### EXERCISE INSTRUCTIONS
What you return should be every line below, word for word, and none of the images.

### RECORDS FOR THE TASK
..............................
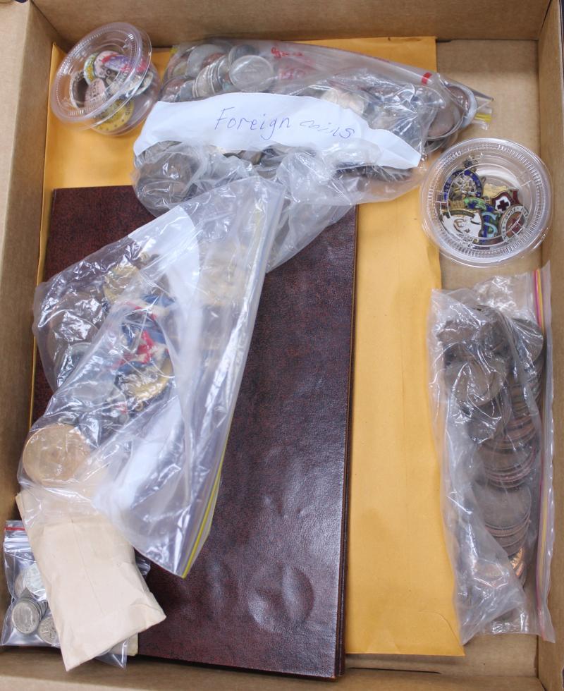 Dansco push-in album; World coins in bag (0.9kg) including Great Britain 1889 Crown; Netherlands 1930 2½g; USA $1 1921; plus pin badges & medallions including Australia WWII AIF Incapacitated Soldiers, Wattle Day, Comforts Fund, etc, and some Postage
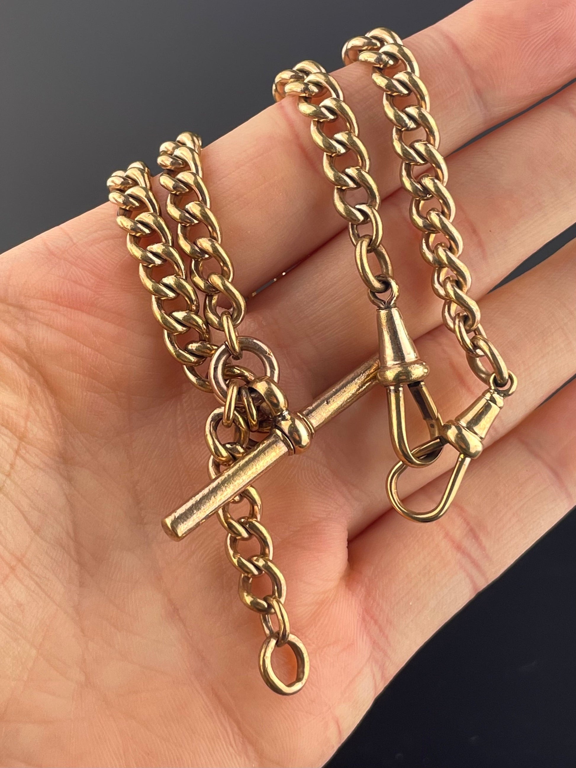 Charming?antique double Albert pocket watch chain in a rich rolled gold that can double as a necklace or bracelet. The curb chain has a center t-bar and matching drop chain ready to add a fob with each end having a swivel dog clip. A striking Albert chain to wear with a pocket watch for the gents, wear as a necklace for the ladies, or wrap around your wrist for a unique look!
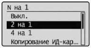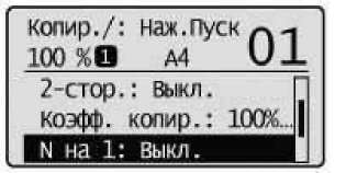 При выборе параметра <2 на 1> или <4 на 1> коэффициент масштабирования при копировании автоматически устанавливается для копирования нескольких документов на одной странице. Чтобы настроить коэффициент масштабирования при копировании вручную, выберите <2 на 1> или <4 на 1>, затем выберите <Коэфф. копированиям
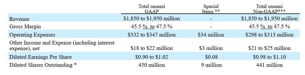 以下の表は、オンセミの2022年第1四半期のGAAPベースおよび非GAAPベースの見通しの概要です。
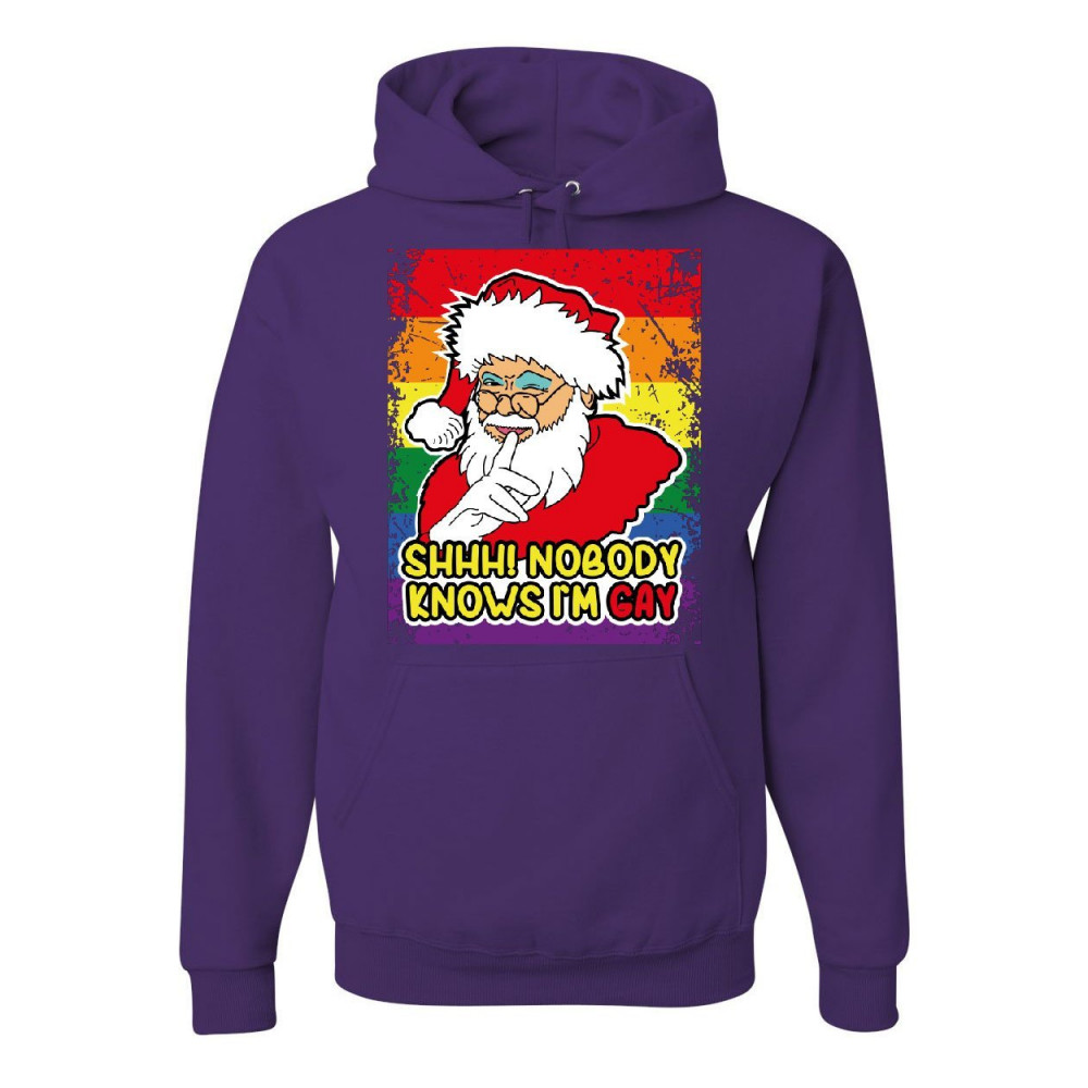 NOBODY KNOWS I'M GAY hoodie christmas santa lgbt xmas ho ho ho sweatshirt purple
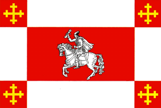 The flag is white with a central red rectangle extending out to four red squares, one in each corner. On each red square is a yellow cross crosslet, and on the central red rectangle is a white knight on a white horse.
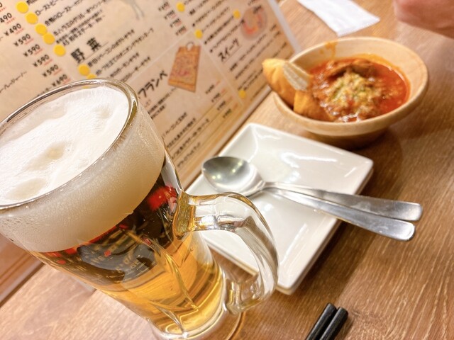週末18:30に予約して訪問。明るくポップな感じの店内。カウンター席やテーブル席はほぼ女性で満席。人気ありますね。席に座りメニューを見て口頭で注文しました。 ドリンクはビール、ワ... 詳細を見る
..............................
### OUTPUT BELOW
 Dansco push-in album; World coins in bag (0.9kg) including Great Britain 1889 Crown; Netherlands 1930 2½g; USA $1 1921; plus pin badges & medallions including Australia WWII AIF Incapacitated Soldiers, Wattle Day, Comforts Fund, etc, and some Postage
 Charming?antique double Albert pocket watch chain in a rich rolled gold that can double as a necklace or bracelet. The curb chain has a center t-bar and matching drop chain ready to add a fob with each end having a swivel dog clip. A striking Albert chain to wear with a pocket watch for the gents, wear as a necklace for the ladies, or wrap around your wrist for a unique look!
 При выборе параметра <2 на 1> или <4 на 1> коэффициент масштабирования при копировании автоматически устанавливается для копирования нескольких документов на одной странице. Чтобы настроить коэффициент масштабирования при копировании вручную, выберите <2 на 1> или <4 на 1>, затем выберите <Коэфф. копированиям
 以下の表は、オンセミの2022年第1四半期のGAAPベースおよび非GAAPベースの見通しの概要です。
 NOBODY KNOWS I'M GAY hoodie christmas santa lgbt xmas ho ho ho sweatshirt purple
 The flag is white with a central red rectangle extending out to four red squares, one in each corner. On each red square is a yellow cross crosslet, and on the central red rectangle is a white knight on a white horse.
週末18:30に予約して訪問。明るくポップな感じの店内。カウンター席やテーブル席はほぼ女性で満席。人気ありますね。席に座りメニューを見て口頭で注文しました。 ドリンクはビール、ワ... 詳細を見る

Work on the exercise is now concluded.